Sixty Years Ago: Food Movement of 1959

Suchetana Chattopadhyay 

 

In post-independence and post-partition Congress-ruled West Bengal, the echoes of famine continued to be heard. During the 1950s, the collusion between rice mill-owners, jotedars (Kulaks) and food hoarders created an artificial food crisis. These proprietor class segments controlled rice distribution; they also exercised a strangle-hold over the villages and formed the rural backbone of the Bengal Congress. The government refused to take any measure which went against their interests. As hunger assumed famine like proportions, the people organised themselves into a ‘Committee to Combat Famine’ under the leadership of the undivided Communist Party of India. Other left parties also endorsed this initiative. From the second half of the 1950s, between 1956 and 1958, food movements became an annual occurrence. The Food Movement of 1959, however, was a turning-point in the history of class struggle in West Bengal. Food insecurity by this time had reached frightening proportions in rural and urban areas and distress was acute among the marginal and landless peasantry, the workers and lower middle-classes.

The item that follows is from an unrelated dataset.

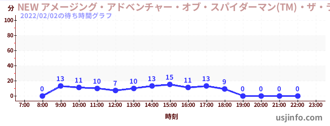 • NEW アメージング・アドベンチャー・オブ・スパイダーマン(TM)・ザ・ライド 4K3D$B$N(B2022年02月02日の待ち時間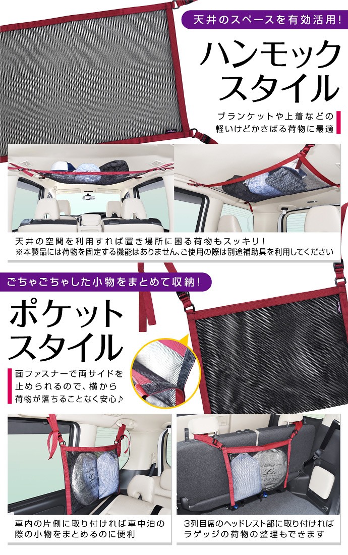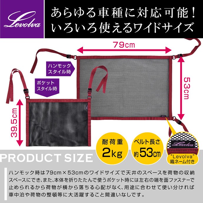 汎用ヘッドスペースネット ミニバン向け|ルーフネット マルチネット オーバーヘッドネット ラゲッジネット 車用収納グッズ 車中泊グッズ|Levolva 車中泊用品

On 31 August, a huge mass demonstration was organised in Kolkata where hundreds and thousands arrived from the villages under the leadership of the Kisan Sabha. Though primarily a mass protest by peasants, rural women with babies walked alongside high school students; office workers merged with the columns of manual workers. The whole of Kolkata’s colonial city centre turned into a sea of 300,000 people demanding an end to destitution and hunger. The heart of the rally was at the Shahid Minar, the foot of the monument and the adjoining open space of the ‘Maidan’ having historically served as the convergence point of anti-colonial and anti-establishment protests. That afternoon rain lashed at the demonstrators repeatedly. But their determination to force the Congress government to provide immediate relief or quit remained resolute. At the end of the meeting, a procession began and started making its way towards Writers’ Building. By then evening had descended. First, the demonstrators were cordoned off by the police. Then unexpectedly, without any warning, violent ‘action’ began. Contemporary observers have noted the way the police attacked directionless, panic-stricken people blinded by teargas.
 
80 people died in the carnage that day; they were mostly starving peasants who had survived the devastating and man-made Bengal Famine of 1943 and were no longer willing to die of hunger without any protest. The police used sticks to beat people to death. 1000 people went missing and 3000 were injured. A social war between the police and the public unfolded. Ordinary bystanders, petty shopkeepers, cinema-hall ushers and sex-workers offered solidarity and assistance to those fleeing the police from the main thoroughfares in bloodied conditions and spilling into the side streets and narrow alleys of north Kolkata. Ticket-checkers and janitors of Hind cinema gave asylum to wounded demonstrators; prostitutes bandaged the head injuries of protesters who had drifted into their localities in dazed conditions. The police arrested thousands. According to one eye-witness who was 74 years old in 2009: ‘In the semi-darkness, I saw mothers, sisters, brothers lying motionless on the road.’ The police later cremated many of the anonymous victims. Bodies could be seen floating in the river Hooghly. The next day, on 1 September, the police fired on students who were protesting against the atrocities and a wave of repression followed. Entire zones of north Kolkata became anti-police bastions of resistance and the government deployed troops in several districts. The police used ambulances as Trojan Horses to enter urban neighbourhoods where barricades had been put up against them. Jyoti Basu compared the events of 31 August 1959 with the Jallianwala Bagh Massacre of 13 April 1919 in the Bengal Legislative Assembly and the combined opposition managed to corner the Congress-led state government. In 1966, a second Food Movement was launched by the left parties and its impact could be felt in the victory of the First United Front government of 1967. 1959 demonstrated that despite utmost and merciless ferocity, the social forces representing the interests of the proprietor classes in West Bengal, were in a process of retreat. While retreating they claimed the lives of 80 people on 31 August 1959. At a time of rising hunger, their memories surface and seek routes to new resistance.
 
Suchetana Chattopadhyay teaches history at Jadavpur University.